- [What you have to do]
Using the data that follows, give again word for word the lines between the one holding "2026年1月18日起,用户" and the one holding "Pilihan menu dengan", inclusive. Omit the pictures.

- [Provided records]
........
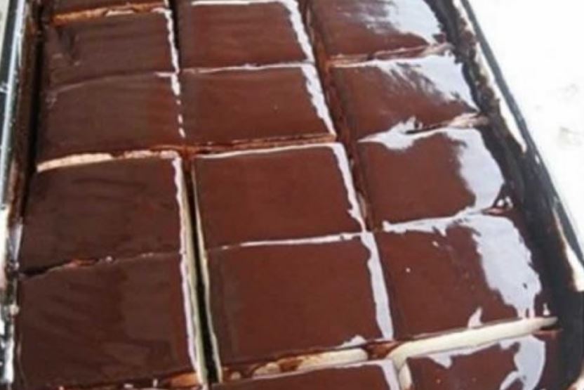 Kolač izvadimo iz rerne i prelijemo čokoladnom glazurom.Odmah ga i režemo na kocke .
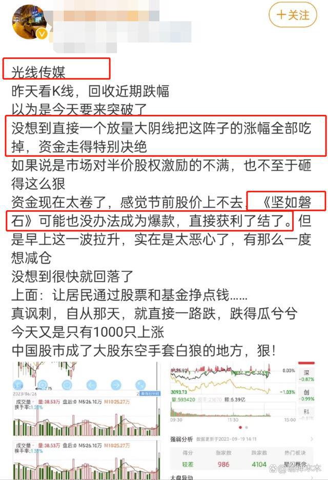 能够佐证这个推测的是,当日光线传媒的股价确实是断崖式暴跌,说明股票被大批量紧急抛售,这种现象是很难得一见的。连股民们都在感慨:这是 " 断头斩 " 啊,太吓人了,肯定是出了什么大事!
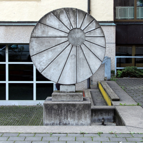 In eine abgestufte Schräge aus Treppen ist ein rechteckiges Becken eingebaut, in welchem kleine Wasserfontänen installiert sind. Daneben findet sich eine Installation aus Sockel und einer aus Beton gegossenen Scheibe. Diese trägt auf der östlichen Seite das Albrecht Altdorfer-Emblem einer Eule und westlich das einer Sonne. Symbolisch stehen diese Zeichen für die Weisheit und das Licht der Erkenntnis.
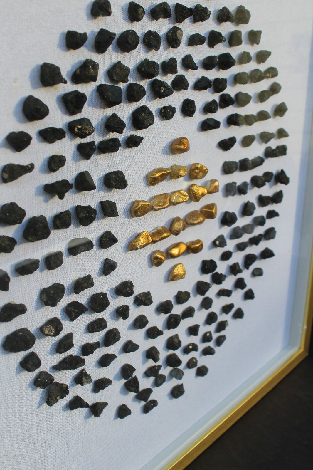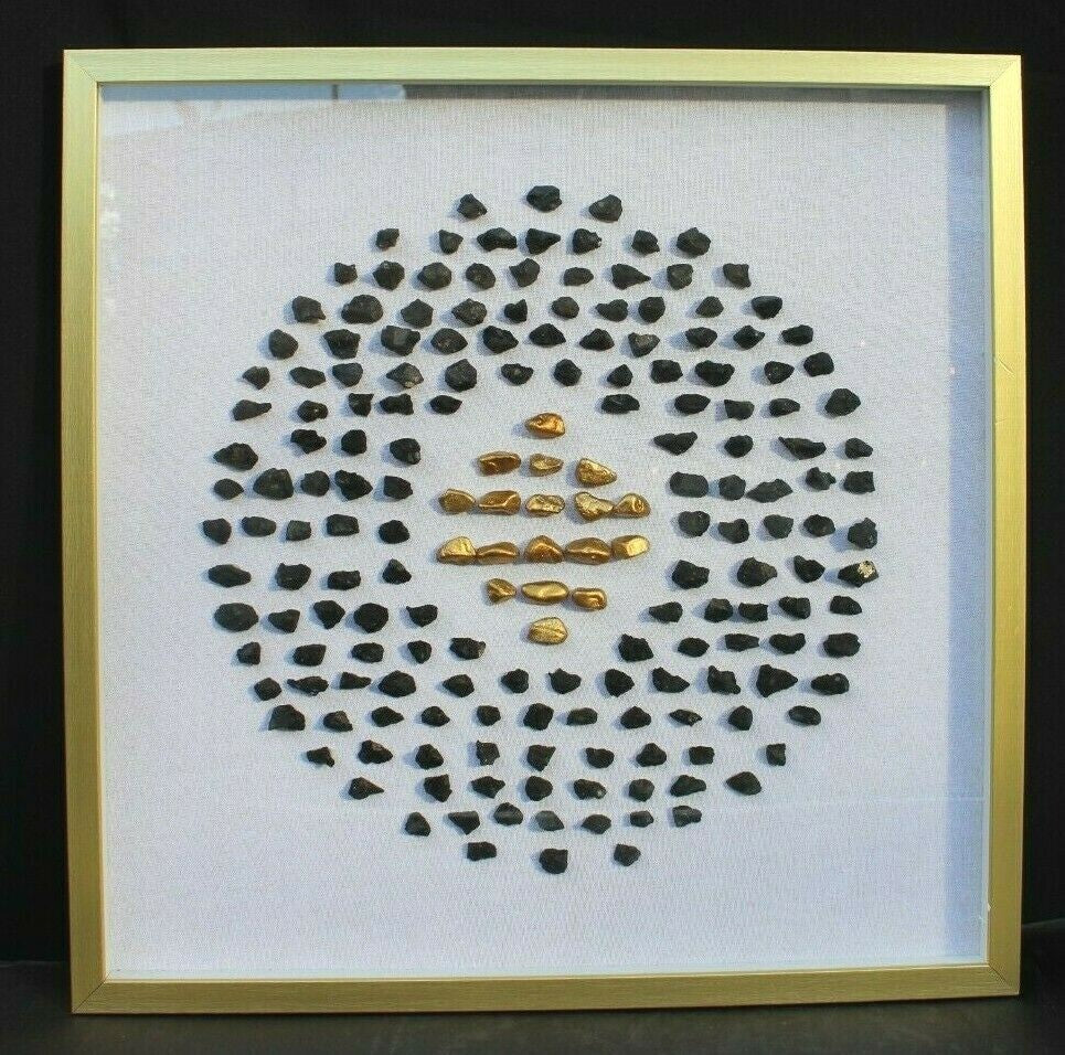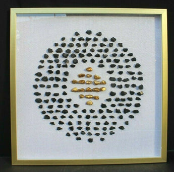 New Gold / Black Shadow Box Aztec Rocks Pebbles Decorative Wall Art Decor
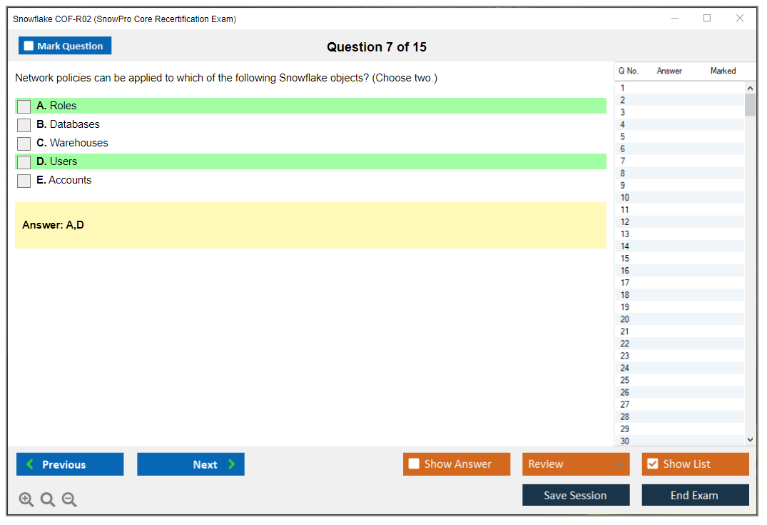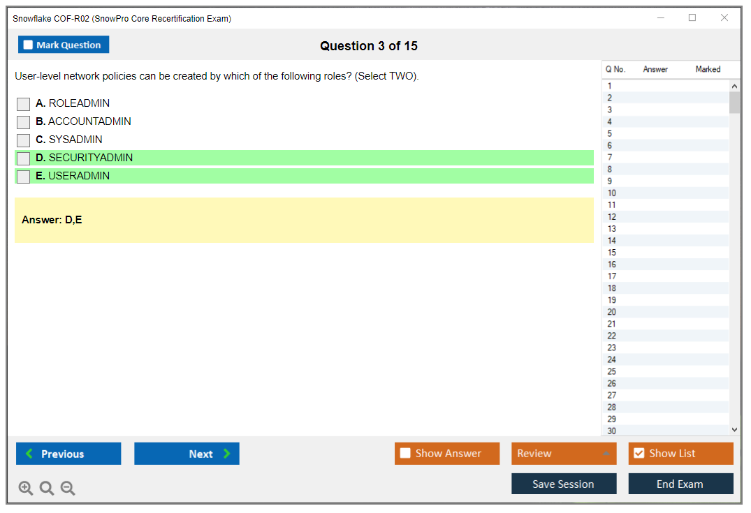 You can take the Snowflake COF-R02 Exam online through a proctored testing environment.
........
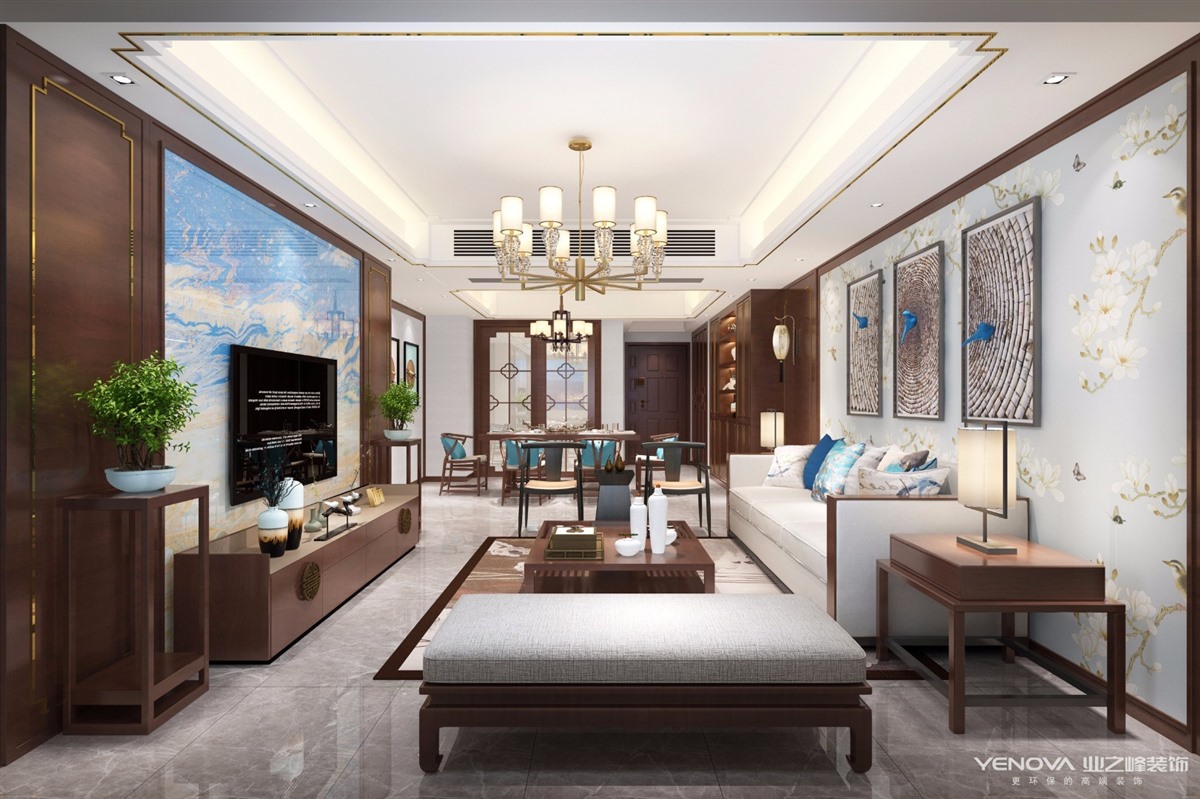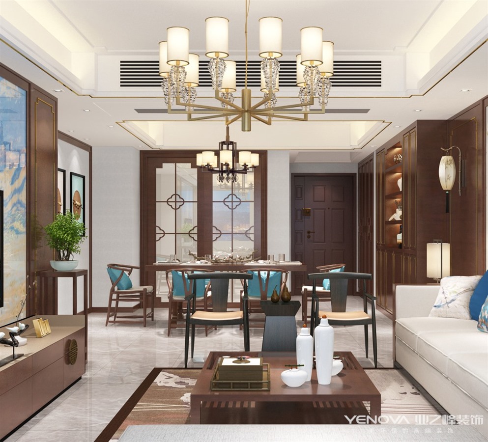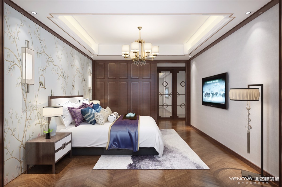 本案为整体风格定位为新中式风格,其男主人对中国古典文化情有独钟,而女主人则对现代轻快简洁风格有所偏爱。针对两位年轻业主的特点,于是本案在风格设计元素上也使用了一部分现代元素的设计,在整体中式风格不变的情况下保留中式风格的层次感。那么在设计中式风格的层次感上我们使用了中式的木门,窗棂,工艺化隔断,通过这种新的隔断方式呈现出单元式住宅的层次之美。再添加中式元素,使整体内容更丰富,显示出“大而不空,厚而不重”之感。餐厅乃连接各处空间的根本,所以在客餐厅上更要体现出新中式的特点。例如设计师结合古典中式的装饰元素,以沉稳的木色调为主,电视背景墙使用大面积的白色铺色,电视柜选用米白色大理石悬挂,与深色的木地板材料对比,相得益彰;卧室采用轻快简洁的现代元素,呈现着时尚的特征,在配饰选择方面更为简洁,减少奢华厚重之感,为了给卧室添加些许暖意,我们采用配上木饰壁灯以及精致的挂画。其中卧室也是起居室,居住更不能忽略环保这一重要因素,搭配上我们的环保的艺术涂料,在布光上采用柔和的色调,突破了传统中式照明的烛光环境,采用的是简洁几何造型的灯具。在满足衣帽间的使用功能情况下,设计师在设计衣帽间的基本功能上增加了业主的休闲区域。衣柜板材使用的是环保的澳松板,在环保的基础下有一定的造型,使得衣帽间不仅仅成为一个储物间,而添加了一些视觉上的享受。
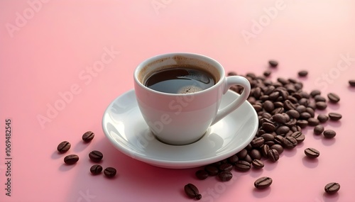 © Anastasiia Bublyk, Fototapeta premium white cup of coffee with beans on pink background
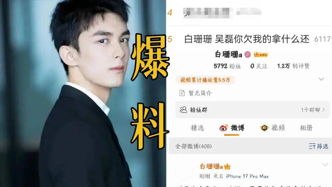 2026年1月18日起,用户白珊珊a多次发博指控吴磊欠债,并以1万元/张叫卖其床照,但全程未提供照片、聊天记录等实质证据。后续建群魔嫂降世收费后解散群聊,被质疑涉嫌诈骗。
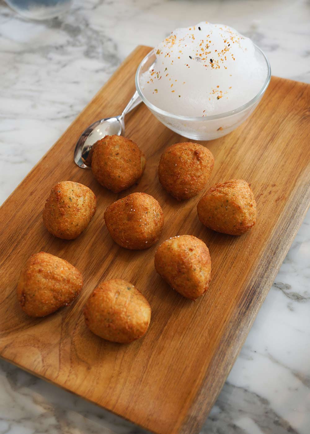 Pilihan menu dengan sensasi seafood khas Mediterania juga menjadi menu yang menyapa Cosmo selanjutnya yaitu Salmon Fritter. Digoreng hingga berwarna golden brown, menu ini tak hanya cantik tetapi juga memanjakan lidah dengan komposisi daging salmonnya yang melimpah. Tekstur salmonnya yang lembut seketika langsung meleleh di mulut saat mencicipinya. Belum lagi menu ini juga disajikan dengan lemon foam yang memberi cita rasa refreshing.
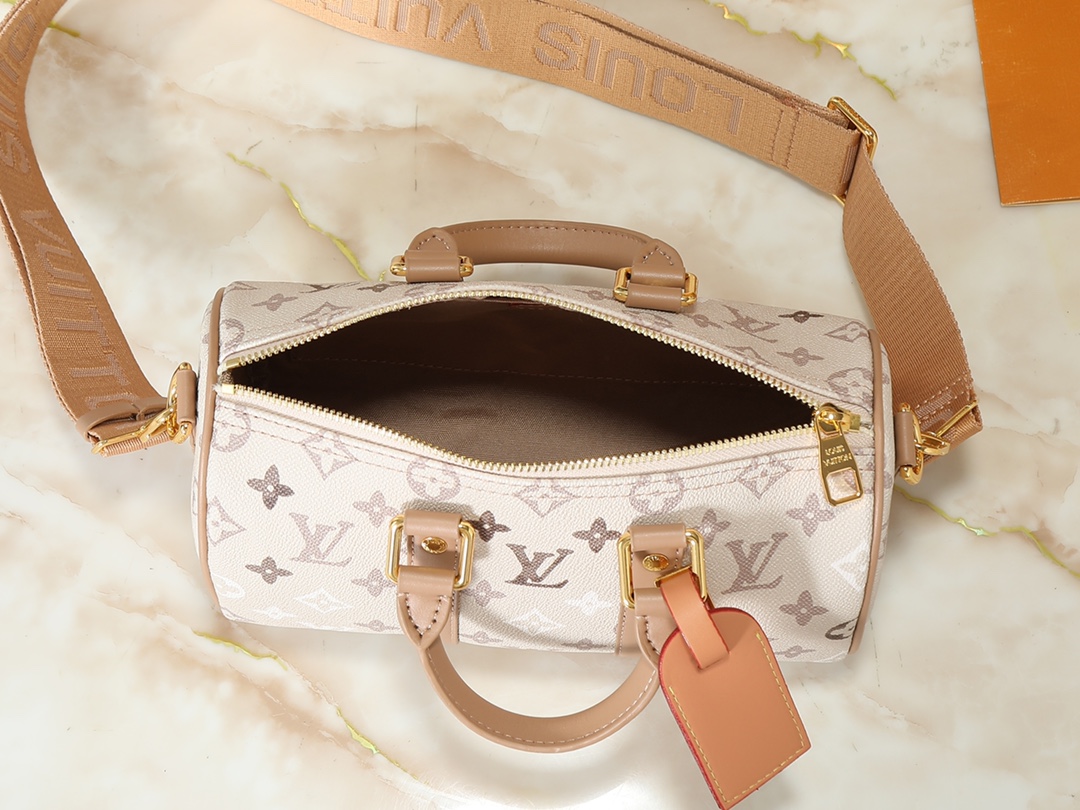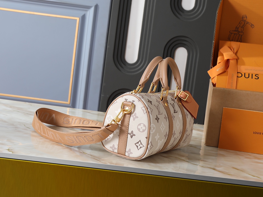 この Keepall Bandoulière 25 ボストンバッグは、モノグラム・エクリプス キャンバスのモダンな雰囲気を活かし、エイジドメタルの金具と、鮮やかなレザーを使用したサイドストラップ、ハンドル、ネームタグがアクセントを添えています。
........
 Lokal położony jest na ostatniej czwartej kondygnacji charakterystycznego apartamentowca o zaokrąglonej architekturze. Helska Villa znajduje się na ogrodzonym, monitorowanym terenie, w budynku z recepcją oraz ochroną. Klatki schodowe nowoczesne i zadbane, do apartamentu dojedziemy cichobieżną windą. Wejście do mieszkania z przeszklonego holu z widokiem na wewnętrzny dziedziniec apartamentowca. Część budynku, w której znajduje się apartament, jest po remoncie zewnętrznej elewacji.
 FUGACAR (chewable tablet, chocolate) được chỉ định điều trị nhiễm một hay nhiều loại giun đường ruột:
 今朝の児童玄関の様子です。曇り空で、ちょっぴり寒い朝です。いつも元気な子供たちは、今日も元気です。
........
- [Result of this task]
 2026年1月18日起,用户白珊珊a多次发博指控吴磊欠债,并以1万元/张叫卖其床照,但全程未提供照片、聊天记录等实质证据。后续建群魔嫂降世收费后解散群聊,被质疑涉嫌诈骗。
 Pilihan menu dengan sensasi seafood khas Mediterania juga menjadi menu yang menyapa Cosmo selanjutnya yaitu Salmon Fritter. Digoreng hingga berwarna golden brown, menu ini tak hanya cantik tetapi juga memanjakan lidah dengan komposisi daging salmonnya yang melimpah. Tekstur salmonnya yang lembut seketika langsung meleleh di mulut saat mencicipinya. Belum lagi menu ini juga disajikan dengan lemon foam yang memberi cita rasa refreshing.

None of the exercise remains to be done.